■ **WORK INSTRUCTION**: With the pictures removed, please write out every line below exactly as given.

■ **RECORDED INFORMATION**:
--- --- ---

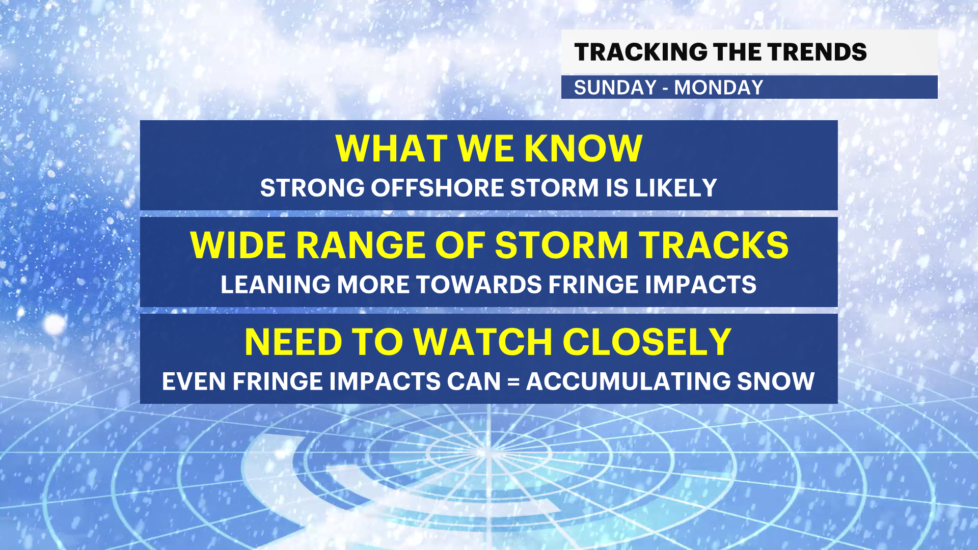 We are watching it very closely for you, and we will have a better idea of the track and if the storm will give us local impacts by Thursday night into Friday morning. If we need to issue a snow map, we will do so by Friday and will provide the latest, most reliable information for you on-air, on social media and on the News 12 app. At this time, we are not forecasting a major storm, but that can change depending on the ultimate storm track and intensity.
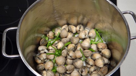 Add the clams. Cover the pot and cook over high heat for a few minutes until the shells are open. Don’t cook longer than necessary, because that will make the clams tough.
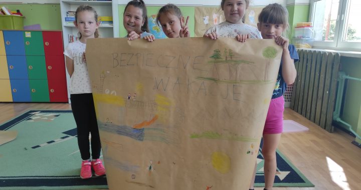 W ostatnim tygodniu roku szkolnego uczniowie klasy pierwszej przygotowywali się do bezpiecznych wakacji. Wychowawczyni przypomniała, żeby kąpali się tylko w miejscach wyznaczonych, pod opieka rodziców, aby w czasie upału mieli nakrycie głowy, stosowali krem ochronny. Uczniowie obejrzeli też zdjęcia niebezpiecznych roślin i zwierząt takich jak kleszcze, osy, żmije, owoce konwalii. Pierwszoklasiści uczestniczyli też w zajęciach edukacyjno – prewencyjnych zaproponowanych przez Państwową Komisję ds. wyjaśniania czynności skierowanych przeciwko wolności seksualnej i obyczajności wobec małoletniego poniżej 15. roku życia.

--- --- ---

■ **ANSWER TO THIS EXERCISE**:
 We are watching it very closely for you, and we will have a better idea of the track and if the storm will give us local impacts by Thursday night into Friday morning. If we need to issue a snow map, we will do so by Friday and will provide the latest, most reliable information for you on-air, on social media and on the News 12 app. At this time, we are not forecasting a major storm, but that can change depending on the ultimate storm track and intensity.
 Add the clams. Cover the pot and cook over high heat for a few minutes until the shells are open. Don’t cook longer than necessary, because that will make the clams tough.
 W ostatnim tygodniu roku szkolnego uczniowie klasy pierwszej przygotowywali się do bezpiecznych wakacji. Wychowawczyni przypomniała, żeby kąpali się tylko w miejscach wyznaczonych, pod opieka rodziców, aby w czasie upału mieli nakrycie głowy, stosowali krem ochronny. Uczniowie obejrzeli też zdjęcia niebezpiecznych roślin i zwierząt takich jak kleszcze, osy, żmije, owoce konwalii. Pierwszoklasiści uczestniczyli też w zajęciach edukacyjno – prewencyjnych zaproponowanych przez Państwową Komisję ds. wyjaśniania czynności skierowanych przeciwko wolności seksualnej i obyczajności wobec małoletniego poniżej 15. roku życia.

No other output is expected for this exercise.